BEGIN PROVIDED MATERIAL

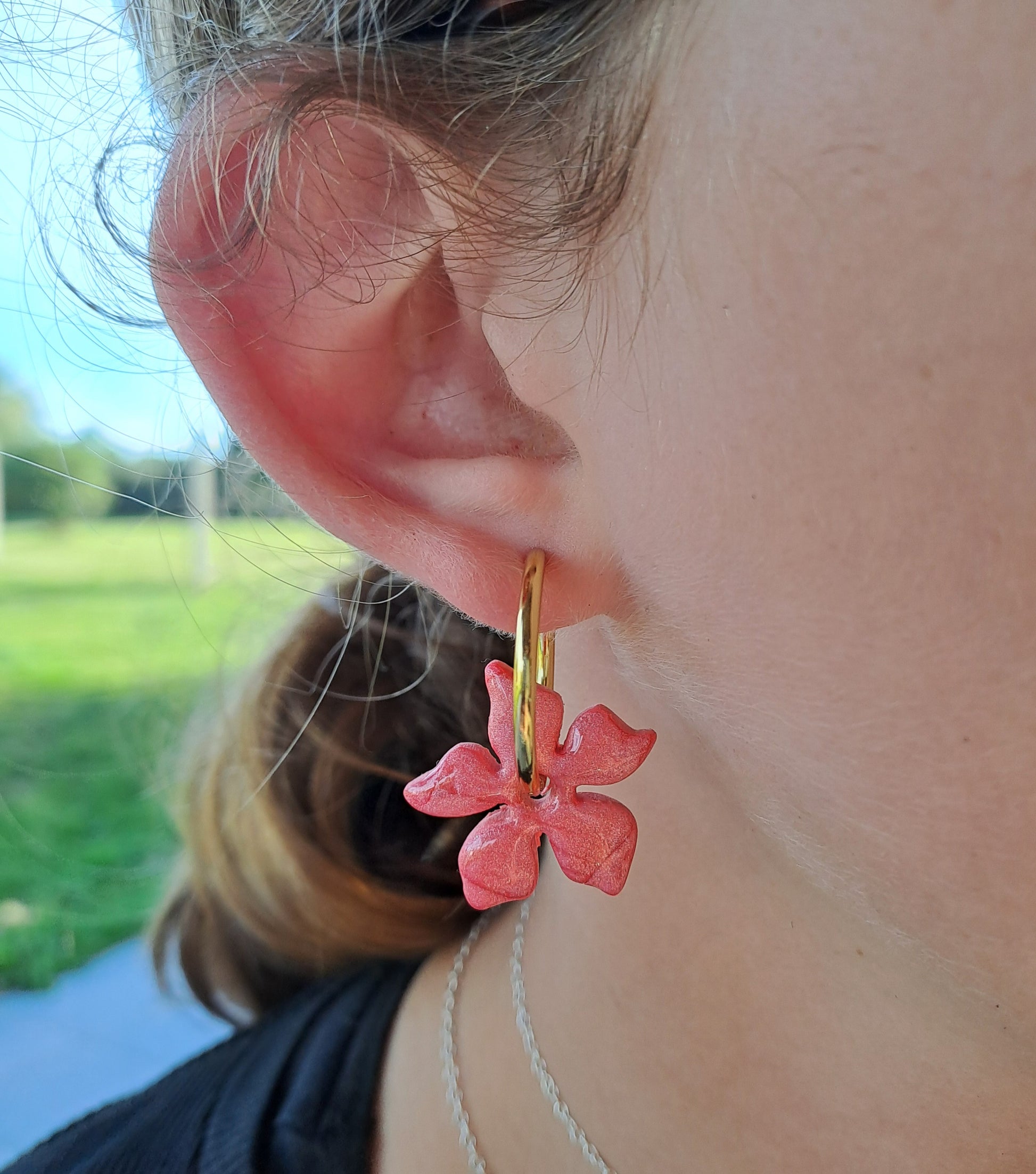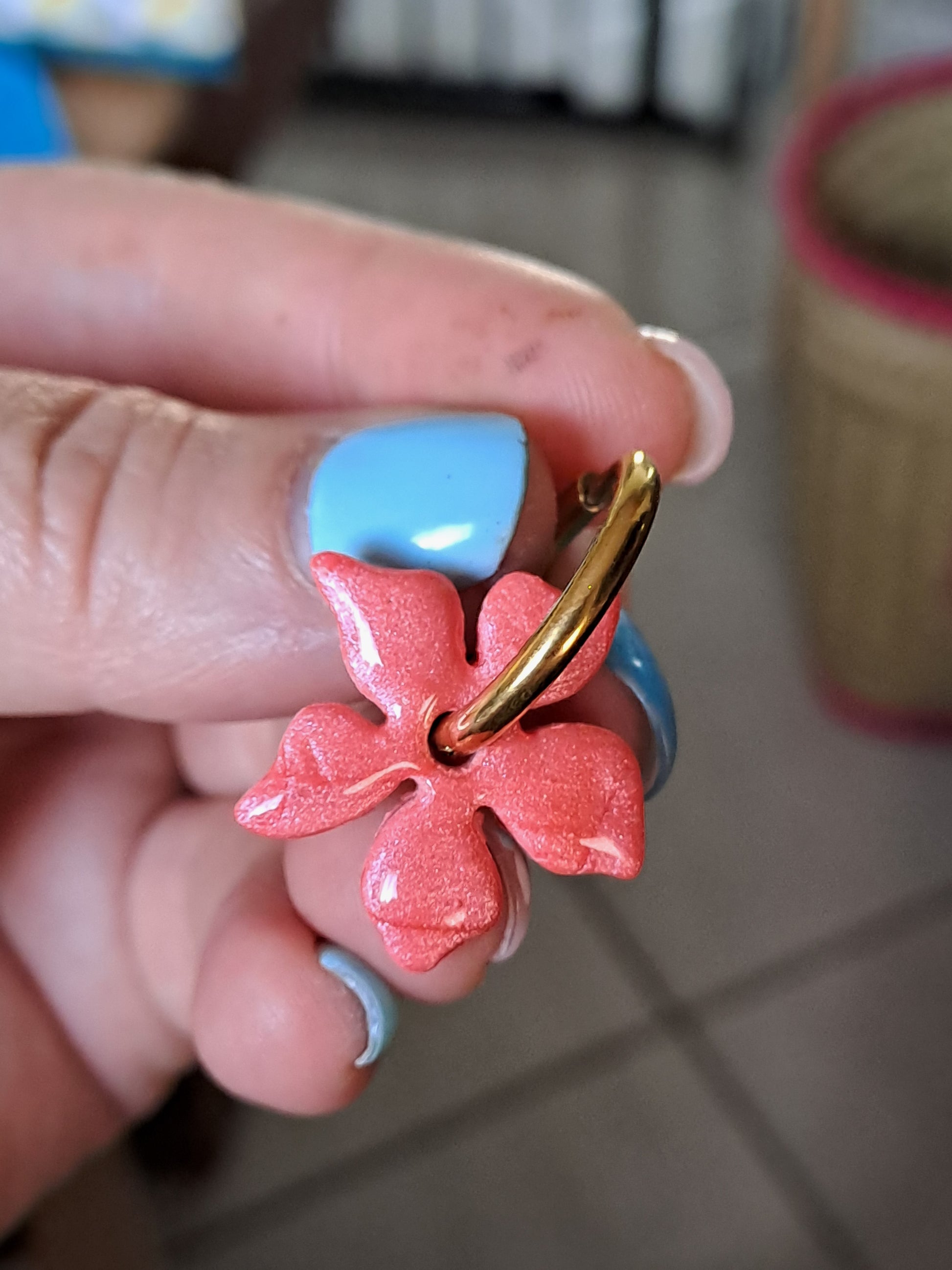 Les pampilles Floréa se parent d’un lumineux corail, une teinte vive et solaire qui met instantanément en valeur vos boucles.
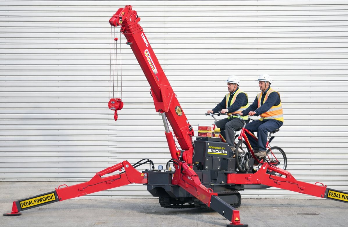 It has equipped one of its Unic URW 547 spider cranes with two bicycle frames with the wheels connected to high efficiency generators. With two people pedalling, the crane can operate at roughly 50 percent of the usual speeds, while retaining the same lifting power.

END PROVIDED MATERIAL
BEGIN PROVIDED MATERIAL

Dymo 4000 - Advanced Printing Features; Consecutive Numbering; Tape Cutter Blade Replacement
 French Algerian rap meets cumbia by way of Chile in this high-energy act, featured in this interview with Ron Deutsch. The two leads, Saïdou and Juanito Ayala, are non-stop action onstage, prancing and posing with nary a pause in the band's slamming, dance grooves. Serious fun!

END PROVIDED MATERIAL

● PROBLEM STATEMENT: From the material above, set down exactly the lines between the line holding "Dymo 4000 - Advanced" and the line holding "French Algerian rap", inclusive. Include nothing else.

● ANSWER TO THIS PROBLEM:
Dymo 4000 - Advanced Printing Features; Consecutive Numbering; Tape Cutter Blade Replacement
 French Algerian rap meets cumbia by way of Chile in this high-energy act, featured in this interview with Ron Deutsch. The two leads, Saïdou and Juanito Ayala, are non-stop action onstage, prancing and posing with nary a pause in the band's slamming, dance grooves. Serious fun!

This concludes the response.